From ec2d87eb2a1d2352c82071e01d5644f45d415db6 Mon Sep 17 00:00:00 2001
From: Arved Solth <solth@effective-webwork.de>
Date: Tue, 28 Nov 2023 12:52:49 +0100
Subject: [PATCH] Remove option to add or edit authorities

---
 ..._Remove_authority_to_add_new_authority.sql | 32 +++++++
 .../controller/SecurityAccessController.java  | 27 ------
 .../security/SecurityAccessService.java       | 28 ------
 .../resources/messages/messages_de.properties |  3 -
 .../resources/messages/messages_en.properties |  3 -
 .../resources/messages/messages_es.properties |  3 -
 .../includes/users/authorityList.xhtml        | 15 ----
 .../src/main/webapp/pages/authorityEdit.xhtml | 85 -------------------
 Kitodo/src/main/webapp/pages/users.xhtml      |  4 -
 9 files changed, 32 insertions(+), 168 deletions(-)
 create mode 100644 Kitodo-DataManagement/src/main/resources/db/migration/V2_126__Remove_authority_to_add_new_authority.sql
 delete mode 100644 Kitodo/src/main/webapp/pages/authorityEdit.xhtml

diff --git a/Kitodo-DataManagement/src/main/resources/db/migration/V2_126__Remove_authority_to_add_new_authority.sql b/Kitodo-DataManagement/src/main/resources/db/migration/V2_126__Remove_authority_to_add_new_authority.sql
new file mode 100644
index 00000000000..9db5f574444
--- /dev/null
+++ b/Kitodo-DataManagement/src/main/resources/db/migration/V2_126__Remove_authority_to_add_new_authority.sql
@@ -0,0 +1,32 @@
+--
+-- (c) Kitodo. Key to digital objects e. V. <contact@kitodo.org>
+--
+-- This file is part of the Kitodo project.
+--
+-- It is licensed under GNU General Public License version 3 or later.
+--
+-- For the full copyright and license information, please read the
+-- GPL3-License.txt file that was distributed with this source code.
+--
+
+--
+-- Migration: Remove authorities to add or edit authorities.

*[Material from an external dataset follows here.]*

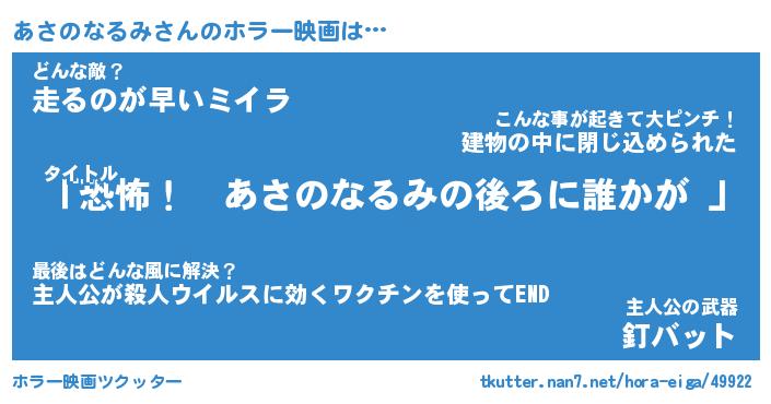 | ヒーロー風カッコイイあだ名 | 『スーパーアサノナルミ』『幻影騎士アサ』 |

+-- 1. Switch off safe updates
+--
+SET SQL_SAFE_UPDATES = 0;
+
+-- 2. Delete authorities to add, view or edit authorities from cross table
+--
+DELETE FROM role_x_authority WHERE authority_id IN (SELECT id FROM authority WHERE title='addAuthority_globalAssignable');
+DELETE FROM role_x_authority WHERE authority_id IN (SELECT id FROM authority WHERE title='editAuthority_globalAssignable');
+DELETE FROM role_x_authority WHERE authority_id IN (SELECT id FROM authority WHERE title='viewAuthority_globalAssignable');
+
+-- 3. Delete authorities to add, view or edit authorities from authorities table
+--
+DELETE FROM authority WHERE title='addAuthority_globalAssignable';
+DELETE FROM authority WHERE title='editAuthority_globalAssignable';
+DELETE FROM authority WHERE title='viewAuthority_globalAssignable';
+
+-- 4. Switch on safe updates
+--
+SET SQL_SAFE_UPDATES = 1;
\ No newline at end of file
diff --git a/Kitodo/src/main/java/org/kitodo/production/controller/SecurityAccessController.java b/Kitodo/src/main/java/org/kitodo/production/controller/SecurityAccessController.java
index 032f46ef4ba..2479a825da5 100644
--- a/Kitodo/src/main/java/org/kitodo/production/controller/SecurityAccessController.java
+++ b/Kitodo/src/main/java/org/kitodo/production/controller/SecurityAccessController.java
@@ -191,15 +191,6 @@ public boolean hasAuthorityToAddClient() {
         return securityAccessService.hasAuthorityToAddClient();
     }
 
-    /**
-     * Check if the current user has the authority to add the authority.
-     *
-     * @return true if the current user has the authority to add the authority
-     */
-    public boolean hasAuthorityToAddAuthority() {
-        return securityAccessService.hasAuthorityToAddAuthority();
-    }
-
     /**
      * Check if current user has authority to add anything on user page. It returns
      * true if user has at least one of below given authorities.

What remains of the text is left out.